Collected data
--- --- ---

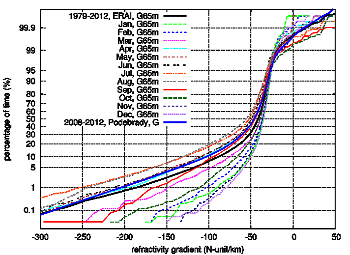 Figure 5: Monthly cumulative distributions of the vertical gradient in the lowest 65 m above surface; latitude 50.25, longitude 15.00
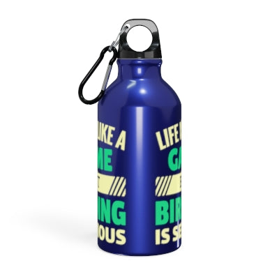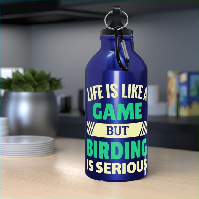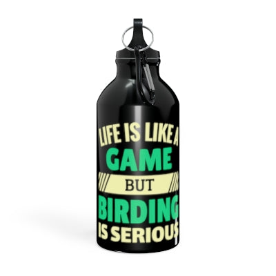 Quench your thirst for adventure with our eye-catching water bottle that boldly declares, "Life is a game but Birding is serious." This 13.5 fl.oz companion is your perfect ally for dawn expeditions and challenging trails. Lightweight and equipped with a handy carabiner, it keeps your hands free for binoculars or cameras. Join the flock of passionate birders who've made this their go-to hydration solution. Don't let dehydration clip your wings – grab yours now and stay refreshed on every birding quest!
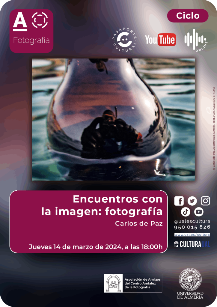 Carlos de Paz es el siguiente invitado al ciclo de diálogos organizados por la Asociación de Amigos del Centro Andaluz de la Fotografía y la Universidad de Almería con destacados miembros de la comunidad fotográfica nacional en los que se pretende mantener una conversación en torno a la fotografía en general, al trabajo que cada uno de ellos ha venido desarrollando y a las opiniones que tienen sobre ella, su actualidad y su futuro, con la posibilidad de interactuar con los invitados por parte de las personas inscritas.
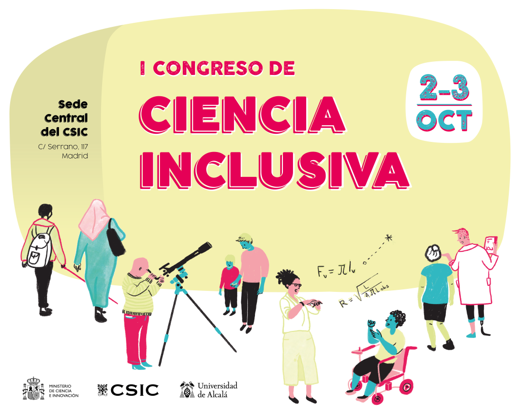 La Universidad de Alcalá (UA) y el Consejo Superior de Investigaciones Cienítificas (CSIC) a través de su Vicepresidencia Adjunta de Cultura Científica y Ciencia Ciudadana (VACC-CSIC) organizan el I Congreso de Ciencia Inclusiva, que se celebrará los días 2 y 3 de octubre de 2023 en la sede central del CSIC en Madrid.
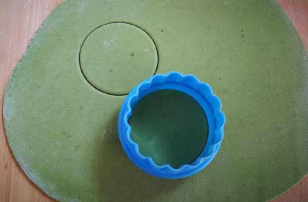 6,取一點白面團,然後加適量的抹茶粉,揉勻,搟成面皮,用圓形模具壓出面皮,或者碗口扣出圓形面皮。

--- --- ---

__Task prompt__
Starting from the first line of the entries above, print each line exactly until the line containing "Quench your thirst" has been printed, and skip the pictures.

__Result__
 Figure 5: Monthly cumulative distributions of the vertical gradient in the lowest 65 m above surface; latitude 50.25, longitude 15.00
 Quench your thirst for adventure with our eye-catching water bottle that boldly declares, "Life is a game but Birding is serious." This 13.5 fl.oz companion is your perfect ally for dawn expeditions and challenging trails. Lightweight and equipped with a handy carabiner, it keeps your hands free for binoculars or cameras. Join the flock of passionate birders who've made this their go-to hydration solution. Don't let dehydration clip your wings – grab yours now and stay refreshed on every birding quest!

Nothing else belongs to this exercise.